Anisotropic Diffusion of $e^\pm$ in Pulsar Halos over Multiple Coherence of Magnetic Fields

TL;DR

This paper explores how the coherence length of interstellar magnetic fields influences the anisotropic diffusion of electron-positron pairs in pulsar halos, affecting their gamma-ray brightness profiles and observed asymmetry.

Contribution

It introduces a model considering multiple magnetic field coherence lengths, reducing the need for specific magnetic geometries to explain halo morphology.

Findings

Magnetic field coherence length impacts halo morphology and brightness profiles.

Accounting for realistic coherence lengths alleviates model-observation tension.

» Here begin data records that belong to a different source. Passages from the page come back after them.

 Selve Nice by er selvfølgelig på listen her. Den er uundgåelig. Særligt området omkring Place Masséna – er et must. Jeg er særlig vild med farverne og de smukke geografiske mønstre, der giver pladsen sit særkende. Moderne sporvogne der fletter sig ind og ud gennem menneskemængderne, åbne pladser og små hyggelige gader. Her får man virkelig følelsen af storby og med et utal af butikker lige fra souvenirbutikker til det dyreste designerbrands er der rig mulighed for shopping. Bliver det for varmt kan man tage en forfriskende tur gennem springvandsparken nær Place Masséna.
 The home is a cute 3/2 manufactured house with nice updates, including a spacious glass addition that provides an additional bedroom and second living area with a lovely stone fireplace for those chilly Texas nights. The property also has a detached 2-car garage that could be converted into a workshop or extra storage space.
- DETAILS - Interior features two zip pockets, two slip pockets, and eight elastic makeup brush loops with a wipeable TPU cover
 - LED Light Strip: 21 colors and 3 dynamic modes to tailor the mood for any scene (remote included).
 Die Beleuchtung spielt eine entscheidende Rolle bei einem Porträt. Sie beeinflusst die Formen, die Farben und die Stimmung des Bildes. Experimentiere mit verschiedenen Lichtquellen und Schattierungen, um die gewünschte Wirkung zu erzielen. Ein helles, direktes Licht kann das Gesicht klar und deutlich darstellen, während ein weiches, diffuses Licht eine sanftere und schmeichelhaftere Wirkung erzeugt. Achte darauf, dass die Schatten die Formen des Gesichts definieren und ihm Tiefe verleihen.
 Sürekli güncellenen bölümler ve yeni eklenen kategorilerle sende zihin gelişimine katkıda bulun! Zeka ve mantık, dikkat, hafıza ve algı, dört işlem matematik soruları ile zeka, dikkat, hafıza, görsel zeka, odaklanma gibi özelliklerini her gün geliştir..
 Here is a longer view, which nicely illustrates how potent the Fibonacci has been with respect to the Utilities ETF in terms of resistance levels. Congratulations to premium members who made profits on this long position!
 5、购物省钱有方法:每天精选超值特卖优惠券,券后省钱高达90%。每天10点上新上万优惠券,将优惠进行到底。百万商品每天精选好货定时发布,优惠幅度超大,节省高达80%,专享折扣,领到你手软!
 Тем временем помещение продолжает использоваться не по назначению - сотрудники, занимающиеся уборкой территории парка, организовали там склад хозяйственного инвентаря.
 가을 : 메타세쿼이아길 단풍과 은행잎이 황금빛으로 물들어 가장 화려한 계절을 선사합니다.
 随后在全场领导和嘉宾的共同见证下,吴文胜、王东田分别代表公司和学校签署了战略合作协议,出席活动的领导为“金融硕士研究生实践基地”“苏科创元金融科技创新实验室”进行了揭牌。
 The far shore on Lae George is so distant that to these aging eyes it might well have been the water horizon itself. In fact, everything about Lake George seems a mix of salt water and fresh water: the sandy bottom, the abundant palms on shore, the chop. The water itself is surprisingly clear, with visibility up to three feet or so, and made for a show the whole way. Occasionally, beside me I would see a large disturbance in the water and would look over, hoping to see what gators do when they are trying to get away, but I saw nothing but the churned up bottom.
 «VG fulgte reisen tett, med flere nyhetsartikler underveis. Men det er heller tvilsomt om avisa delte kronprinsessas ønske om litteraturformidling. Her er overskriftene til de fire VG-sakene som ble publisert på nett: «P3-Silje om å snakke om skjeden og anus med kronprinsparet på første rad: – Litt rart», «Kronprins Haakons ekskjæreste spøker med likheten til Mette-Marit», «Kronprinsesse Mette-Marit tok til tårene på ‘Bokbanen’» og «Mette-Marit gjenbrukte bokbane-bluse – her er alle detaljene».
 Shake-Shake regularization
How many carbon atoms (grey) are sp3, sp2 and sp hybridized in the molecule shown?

Halo asymmetry is less pronounced after instrument point spread function smoothing.

Abstract

The slow particle diffusion in pulsar halos, inferred from TeV gamma-ray surface brightness profiles, is attributed to cross-field diffusion under the anisotropic diffusion model. This model assumes sub-Alfv\'enic interstellar turbulence in the surrounding medium of the pulsar and a rough alignment of the line-of-sight of observers towards the pulsars with the local mean magnetic field direction in the halo. In this model, the expected morphology of a pulsar halo is highly dependent on the properties of the interstellar magnetic field. We investigate the anisotropic diffusion of electron-positron pairs across multiple coherence of magnetic fields in pulsar halos in this work. We focus particularly on their influences on the predicted gamma-ray surface brightness profile and the asymmetry of the halo's morphology, as well as the observational expectations by the Large High Altitude Air Shower Observatory (LHAASO). Our results indicate that the requirement of a specific magnetic field geometry can be alleviated when accounting for a limited (and realistic) coherence length of the magnetic field in the model. Also, the halo's morphology may appear less asymmetric, especially after being smoothed by the point spread function of instruments. It largely relaxes the tension between the asymmetric morphology of halos predicted by the model and lack of apparent asymmetric halos detected so far. Our findings demonstrate the important influence of the coherence length of interstellar magnetic field on the distribution of particles around their accelerators, and the consequence on the measured source morphology.